Exercise description => What's wanted here is the full listing below, repeated exactly, with no images in it.

Information provided =>
□ □ □ □

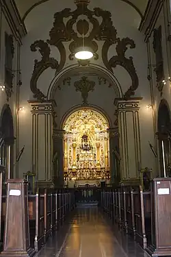 Inside, the transept area has an octagonal dome decorated with 18th century paintings and openings for abundant light, an altar dedicated to Saint Michael and another remarkable altarpiece dedicated to Immaculate Conception, made between 1736 and 1740 by the carver Luís Rodrigues Lisboa. The latter, an erudite carving in the Johannine style, has Atlantean angels supporting Solomonic columns, a novelty in São Paulo at the time. It also features other characteristics of the style, such as angels seated on volutes and a stepped throne under a sculptural ensemble of Saint Francis receiving the wounds, which was moved to the new main altarpiece, made in the Rococo style by José de Oliveira Fernandes in 1791, during the renovation at the end of the 18th century.[10][11]
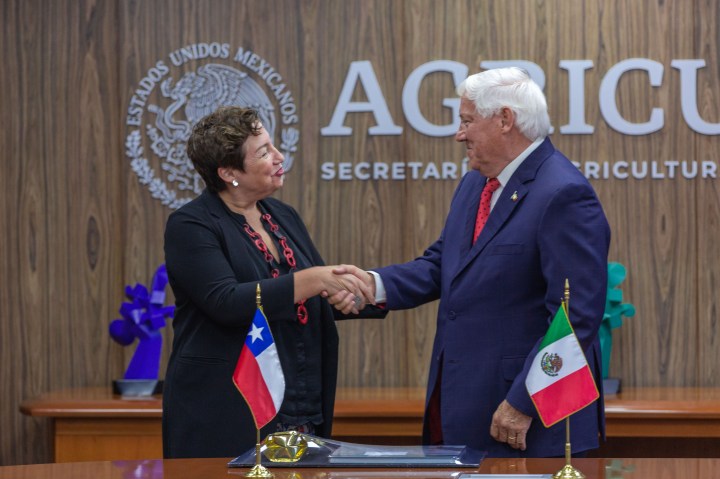 El secretario de Agricultura y Desarrollo Rural, Víctor Villalobos Arámbula y la embajadora de Chile en México, Beatriz Sánchez Muñoz, revisaron el estatus de los protocolos sanitarios entre ambas naciones para incrementar el intercambio comercial agroalimentario bilateral y explorar la posibilidad de exportar a mercados de terceros países en el Caribe y Asia.
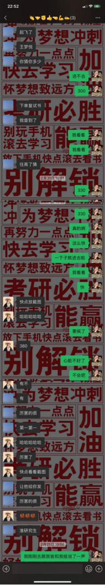 2月21号出成绩,出来之后,觉得自己分数挺高的,蛮吃惊的,为此也兴奋了很久。查分数的当天真的很紧张,我不敢,我就让我朋友帮我查的,因为我们这个公司没说几点出分,只说是21号,当时就是一直去看微博,QQ群,公司官网,研招网那我没敢看。午饭也没吃,我妈,我朋友都很紧张,早上我小姨,我哥哥都还在给我发信息,打电话。感觉大家都很紧张,在一点多的时候看见公告说是3点出,在三点整的时候,我朋友一下子就进去了,她在三点零一分的时候就发来了信息,当时我紧张死了。然后我就立马给我的爸爸打了一个视频,当时一看见我爸的脸,我就忍不住哽咽了,我就说我考上了,瞬间看见我爸脸上露出了开心的笑容,那天我记得我爸回来的特别早。然后我跟我姐姐,我妈妈,我小姨,我的哥哥发了信息。那一天大家的心情起伏都因为我变化莫测。
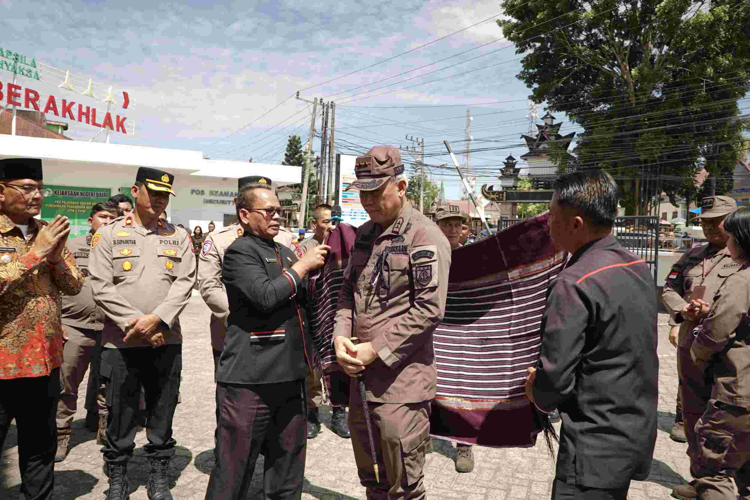 Didampingi Asisten Intelijen Andri Ridwan, Asisten Pembinaan I Nyoman Sucitrawan, Kabag TU Rahmad Isnaini, serta Koordinator Bidang Intelijen Yos A Tarigan, Kajati disambut meriah dengan tari-tarian adat, ulos kehormatan, dan plakat dari Bupati Dairi Vickner Sinaga dan perwakilan Bupati Pakpak Bharat.
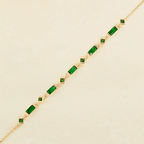 Pulsera ajustable bañada en oro con circonitas blancas, rosa vintage, negras o verde esmeralda alternas en talla baguette y engastadas en forma de rombo. Un diseño original y muy funcional para redondear todos tus outfits. Es muy fácil de poner y quitar gracias a su cierre ajustable. Puedes llevarla combinada con otras o sola, ¡tú decides! Déjate seducir por los nuevos diseños de María Pombo X Agatha y no dejes indiferente a nadie.
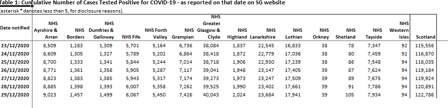 Click on this link for additional data about the number of positive cases in Care Homes in Scotland and staff absences.
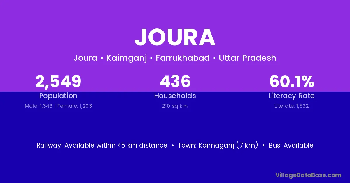 Indergarh (25 km) is the nearest town to Joura village for major economic activities and is located approximately 25 km away.
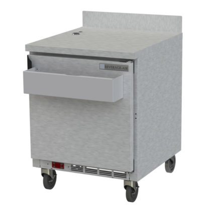 Worktop Refrigerator, one-section, 27″W, 6.13 cu. ft., (1) solid door, (2) shelf, interior thermometer, modified stainless steel top with holes for milk tubing lines, includes speed rail, stainless steel front, sides, door & grille, aluminum interior, 4″ removable backsplash, rear-mounted self-contained refrigeration, R290 Hydrocarbon refrigerant, 1/10 HP, cULus, UL EPH Classified, UL-Sanitation, Made in USA
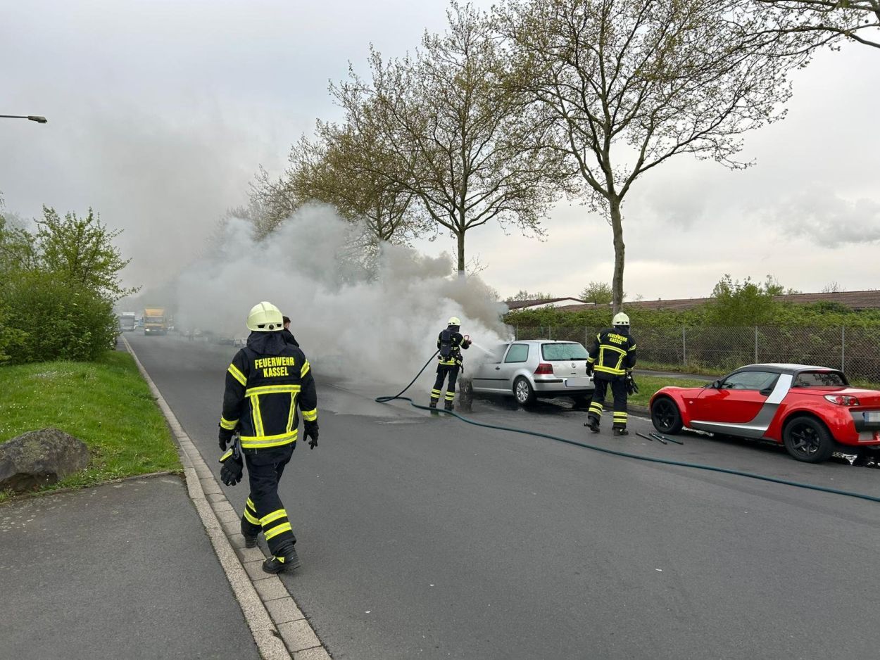 Rund eineinhalb Stunden später, gegen 8:30 Uhr, bemerkten Passanten, dass im Motorraum des Fahrzeugs ein Feuer ausgebrochen war. Die alarmierte Feuerwehr Kassel konnte den Brand unter Atemschutz mit einem Schnellangriff zügig unter Kontrolle bringen. Um die Flammen vollständig zu löschen, wurde die Motorhaube geöffnet. Während der Löscharbeiten musste die Falderbaumstraße zeitweise gesperrt werden. Verletzt wurde bei dem Einsatz niemand. Als Ursache des Feuers geht die Polizei von einem technischer Defekt aus.

□ □ □ □

Exercise result =>
 Inside, the transept area has an octagonal dome decorated with 18th century paintings and openings for abundant light, an altar dedicated to Saint Michael and another remarkable altarpiece dedicated to Immaculate Conception, made between 1736 and 1740 by the carver Luís Rodrigues Lisboa. The latter, an erudite carving in the Johannine style, has Atlantean angels supporting Solomonic columns, a novelty in São Paulo at the time. It also features other characteristics of the style, such as angels seated on volutes and a stepped throne under a sculptural ensemble of Saint Francis receiving the wounds, which was moved to the new main altarpiece, made in the Rococo style by José de Oliveira Fernandes in 1791, during the renovation at the end of the 18th century.[10][11]
 El secretario de Agricultura y Desarrollo Rural, Víctor Villalobos Arámbula y la embajadora de Chile en México, Beatriz Sánchez Muñoz, revisaron el estatus de los protocolos sanitarios entre ambas naciones para incrementar el intercambio comercial agroalimentario bilateral y explorar la posibilidad de exportar a mercados de terceros países en el Caribe y Asia.
 2月21号出成绩,出来之后,觉得自己分数挺高的,蛮吃惊的,为此也兴奋了很久。查分数的当天真的很紧张,我不敢,我就让我朋友帮我查的,因为我们这个公司没说几点出分,只说是21号,当时就是一直去看微博,QQ群,公司官网,研招网那我没敢看。午饭也没吃,我妈,我朋友都很紧张,早上我小姨,我哥哥都还在给我发信息,打电话。感觉大家都很紧张,在一点多的时候看见公告说是3点出,在三点整的时候,我朋友一下子就进去了,她在三点零一分的时候就发来了信息,当时我紧张死了。然后我就立马给我的爸爸打了一个视频,当时一看见我爸的脸,我就忍不住哽咽了,我就说我考上了,瞬间看见我爸脸上露出了开心的笑容,那天我记得我爸回来的特别早。然后我跟我姐姐,我妈妈,我小姨,我的哥哥发了信息。那一天大家的心情起伏都因为我变化莫测。
 Didampingi Asisten Intelijen Andri Ridwan, Asisten Pembinaan I Nyoman Sucitrawan, Kabag TU Rahmad Isnaini, serta Koordinator Bidang Intelijen Yos A Tarigan, Kajati disambut meriah dengan tari-tarian adat, ulos kehormatan, dan plakat dari Bupati Dairi Vickner Sinaga dan perwakilan Bupati Pakpak Bharat.
 Pulsera ajustable bañada en oro con circonitas blancas, rosa vintage, negras o verde esmeralda alternas en talla baguette y engastadas en forma de rombo. Un diseño original y muy funcional para redondear todos tus outfits. Es muy fácil de poner y quitar gracias a su cierre ajustable. Puedes llevarla combinada con otras o sola, ¡tú decides! Déjate seducir por los nuevos diseños de María Pombo X Agatha y no dejes indiferente a nadie.
 Click on this link for additional data about the number of positive cases in Care Homes in Scotland and staff absences.
 Indergarh (25 km) is the nearest town to Joura village for major economic activities and is located approximately 25 km away.
 Worktop Refrigerator, one-section, 27″W, 6.13 cu. ft., (1) solid door, (2) shelf, interior thermometer, modified stainless steel top with holes for milk tubing lines, includes speed rail, stainless steel front, sides, door & grille, aluminum interior, 4″ removable backsplash, rear-mounted self-contained refrigeration, R290 Hydrocarbon refrigerant, 1/10 HP, cULus, UL EPH Classified, UL-Sanitation, Made in USA
 Rund eineinhalb Stunden später, gegen 8:30 Uhr, bemerkten Passanten, dass im Motorraum des Fahrzeugs ein Feuer ausgebrochen war. Die alarmierte Feuerwehr Kassel konnte den Brand unter Atemschutz mit einem Schnellangriff zügig unter Kontrolle bringen. Um die Flammen vollständig zu löschen, wurde die Motorhaube geöffnet. Während der Löscharbeiten musste die Falderbaumstraße zeitweise gesperrt werden. Verletzt wurde bei dem Einsatz niemand. Als Ursache des Feuers geht die Polizei von einem technischer Defekt aus.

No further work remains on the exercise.